6

I've setup a docker monitoring stack using Prometheus, Grafana and cAdvisor. While using this query to get running containers:

count_scalar(container_last_seen{name=~container1|container2})

It picks up the containers allright, as soon as i launch a new container it is picked up right away. The problem is when a container is stopped or removed it does not pick it up, it still shows it as a running container.

From the cAdvisor/metrics endpoint it is removed as soon as the container stops.

Is there something wrong with the query?

(this is what i used for the stack: https://github.com/vegasbrianc/prometheus)

A.Jac
  • 1,443
  • 3
  • 17
  • 24

1 Answers1

4

It seems to be related to the amount of time cAdvisor stores the data in memory.

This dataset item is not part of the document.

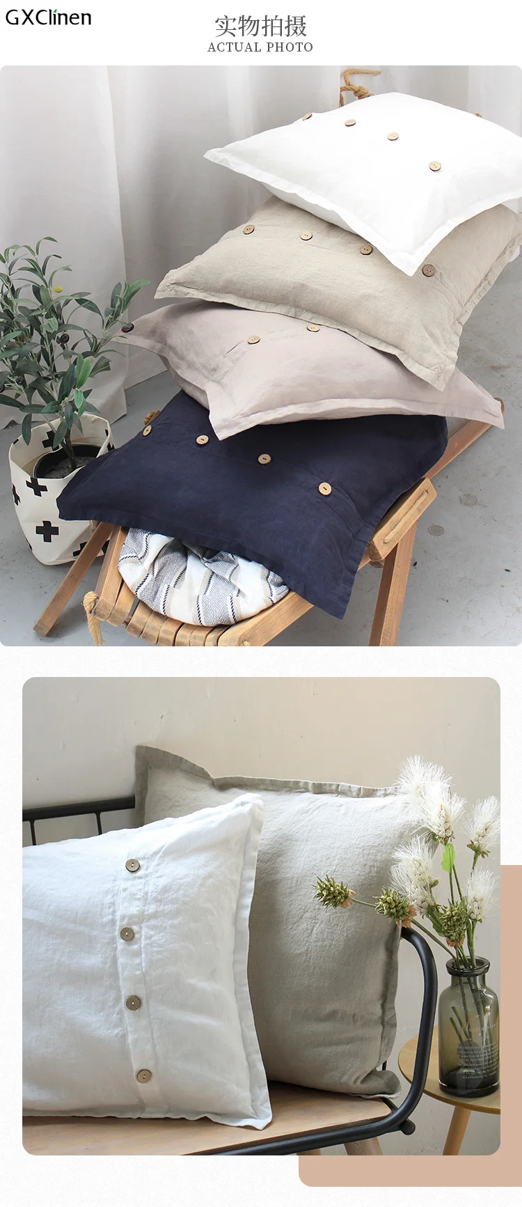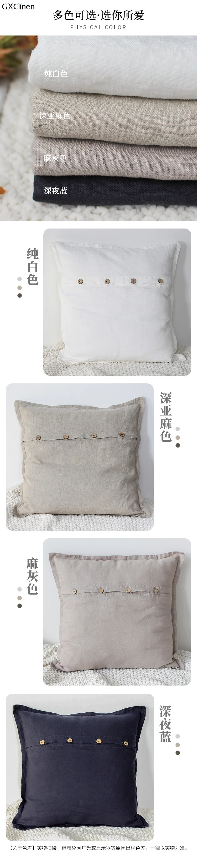100% Linen natural coconut shell buckle decorative pillowcase pillow cover cushion throw pillow

While cAdvisor keeps the data in memory, you still have a valid date in container_last_seen metric. So the count_scalar instruction still 'sees' the container as it has a valid value.

In my test setup, cAdvisor keeps the data during 5 minutes. After this duration, I get the right information out of your formula because the container_last_seen metric has disappeared.

You can change this cAdvisor configuration with the --storage_duration flag.

--storage_duration=2m0s: How long to store data.

As an alternative if you wan't quick alerting, you could also consider running a query that would compare last seen date with current date:

count_scalar(time()-container_last_seen{name=~"container1|container2"}<=60)
François Maturel
  • 5,884
  • 6
  • 45
  • 50